Гириджа Прасад сразу же надевает сапоги, заряжает винтовку и уходит без единого слова. Ужас из глаз жены переплеснулся и в его глаза.
Когда Гириджа Прасад впервые отправился на острова, он взял с собой на корабль восемь слонов, лично отобранных им на ярмарке животных в Бихаре. В Калькутте их перегоняли в трюм по сходням, точно коров. Но в Порт-Блэре слонов пришлось пересаживать на землю с помощью лебедки, поскольку причал был недостаточно надежен. Развернутый над гаванью кран не выдержал, и первый же слон канул в чернильно-синюю глубь. Гириджа никак не мог спасти тонущего. До конца жизни ему не суждено забыть выражение, с которым смотрел на него этот гигант, так же как и взгляд крокодила, которого он обнаруживает во время поисков своего коллеги.
Фонари и факелы спасательного отряда поджигают тьму, до смерти пугая двенадцатифутовое животное, нашедшее приют в мангровых зарослях. Ослепленный, крокодил прячется за трупом, но не оставляет его. И сидящий на носу лодки Гириджа Прасад встречается с ним глазами.
Тело, у которого не хватает ноги, таза и части живота, почти не похоже на человека и тем более на их товарища-чиновника. Оно пугает спасателей сильнее, чем сам крокодил. Они принимают решение вернуться завтра с сетями и гарпунами.
Возвратившись домой в глухой ночной час, Гириджа находит жену на крыльце — она сидит в темноте и смотрит в небо. После дождей ступени затянуло мхом. Гириджа оскальзывается, но не падает. Измученный, опускается на ступени. Черно-белые комары насыщаются его кровью и зудят над ухом, задавая тон сутолоке мыслей. Луна висит необычайно низко, глядит ему в глаза сквозь ночь.
Ему еще никогда не бывало так муторно — его вывернуло в прибой сразу после того, как лодка ткнулась в берег. Вони человеческих внутренностей, вида кишок, болтающихся в воде, как веревка без якоря, оказалось достаточно, чтобы исторгнуть из него каждый непереваренный кусочек и каждую горькую правду до последней. Когда слон рухнул в воду, он ни разу не поднялся на поверхность, будто мгновенно покорившись океану вместе со всеми своими инстинктами. Что же до крокодила, Гириджа видел в его взгляде страх, так же как тот в его.
— Пожалуйста, не убивайте крокодила, — нарушает тишину Чанда Деви. — Нельзя карать живые создания за то, что они ведут себя согласно своей природе, когда мы вторгаемся в их жизнь.
Гириджа Прасад пробует отыскать в памяти последнее яркое впечатление об умершем, но не может найти ничего.
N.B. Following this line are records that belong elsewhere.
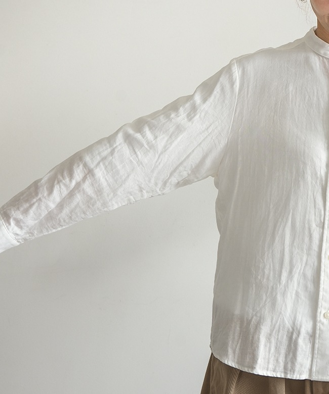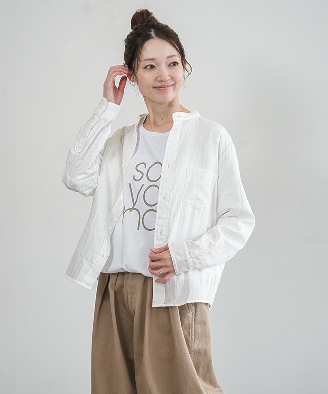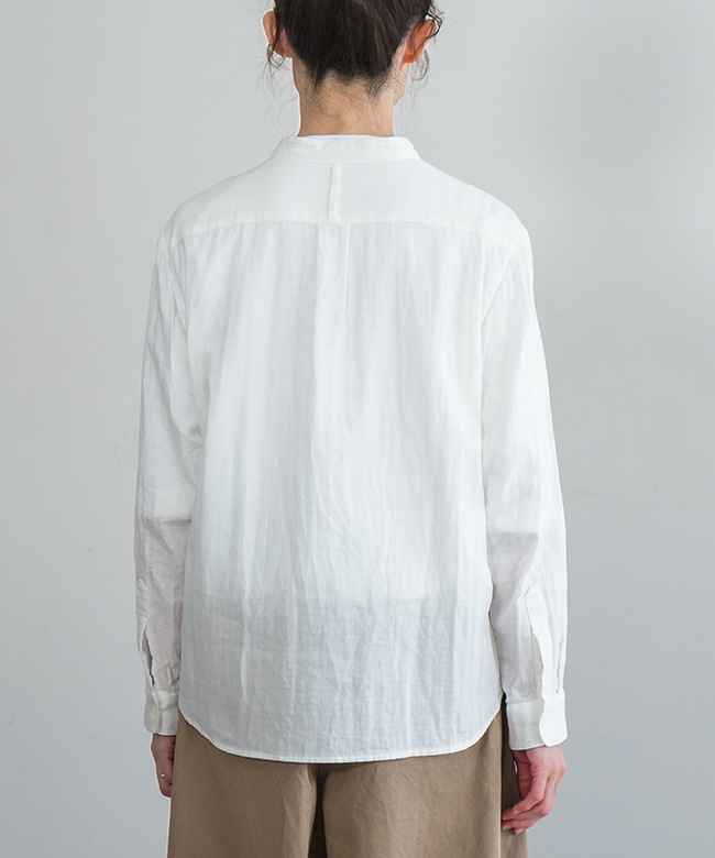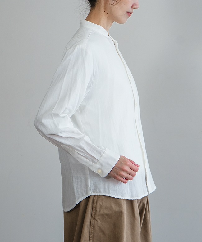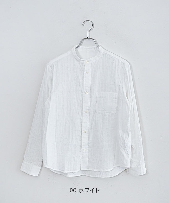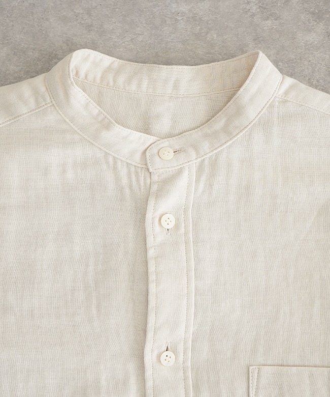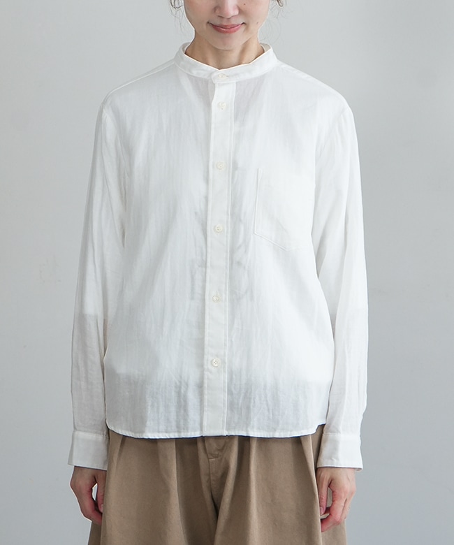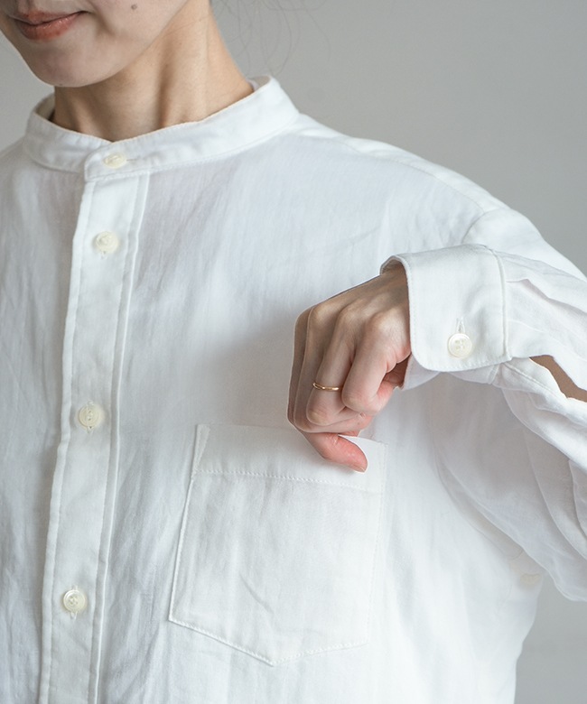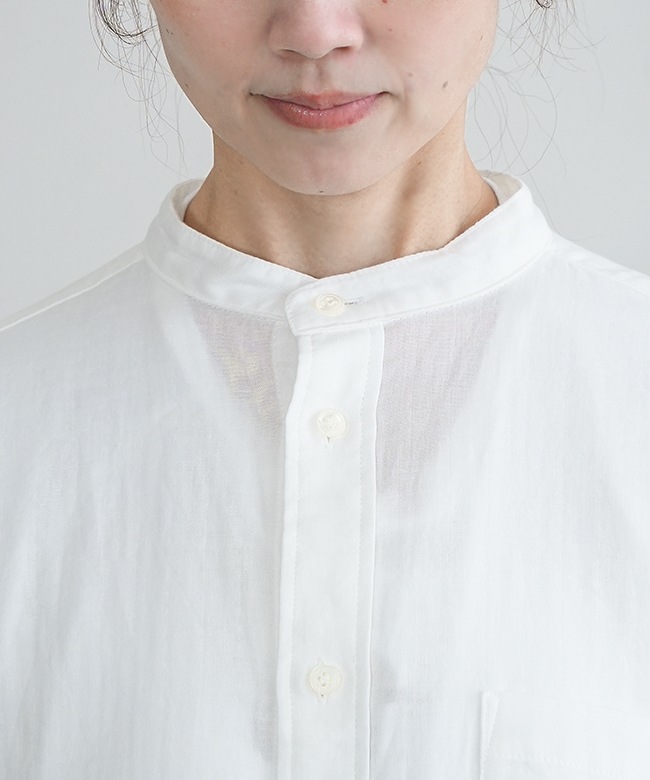 ・マルチに使えるシンプルなデザインのスタンドカラーシャツ。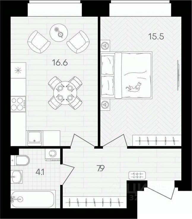 Жилая площадь15,5 м²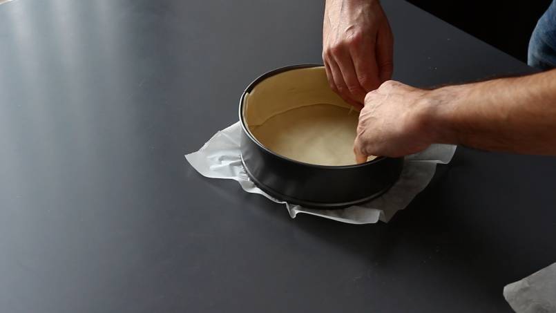 Așezați baza de foitaj: Tăiați un disc de foitaj de aceeași dimensiune ca fundul formei de copt și așezați-l cu grijă în interior.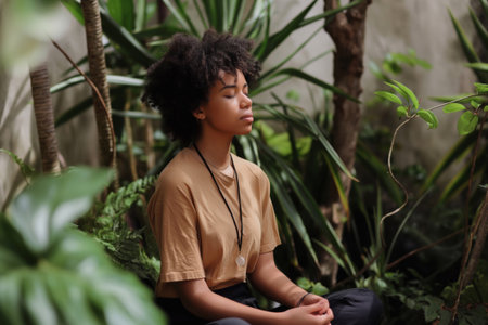 Image of a person in serene meditation among verdant plants, focusing on mental wellness

Ни последних слов, ни запоминающегося облика — только стандартное “спасибо” за маску с трубкой. Цельная картина не складывается. Блаженный дрейф над кораллами, паника в глазах жены, испуганной тем, что еще не случилось, изувеченный труп коллеги, добровольно приплывшего к своей гибели, крокодил-людоед.
— А как мы умрем, ты тоже знаешь? — спрашивает он у Чанды Деви.
Этой ночью Чанда Деви задергивает шторы и забирается в его огромную постель.
* * *
Гириджа Прасад разочарован знаниями, которые он собирал и копил на протяжении всей своей молодости, точно муравей в подготовке к долгой, полной размышлений зиме. Насколько ему известно, в науке нет места предчувствиям. Дарвиновский принцип — выживание наиболее приспособленных — доказал свою несостоятельность. Попади этот великий ученый не на Галапагосы, а на Андаманские острова, возникла бы у него иная теория? Такая, где самопожертвование значит не меньше выживания? Если Чанда Деви понимала, что в воде ей грозит опасность, зачем она рисковала собственной жизнью?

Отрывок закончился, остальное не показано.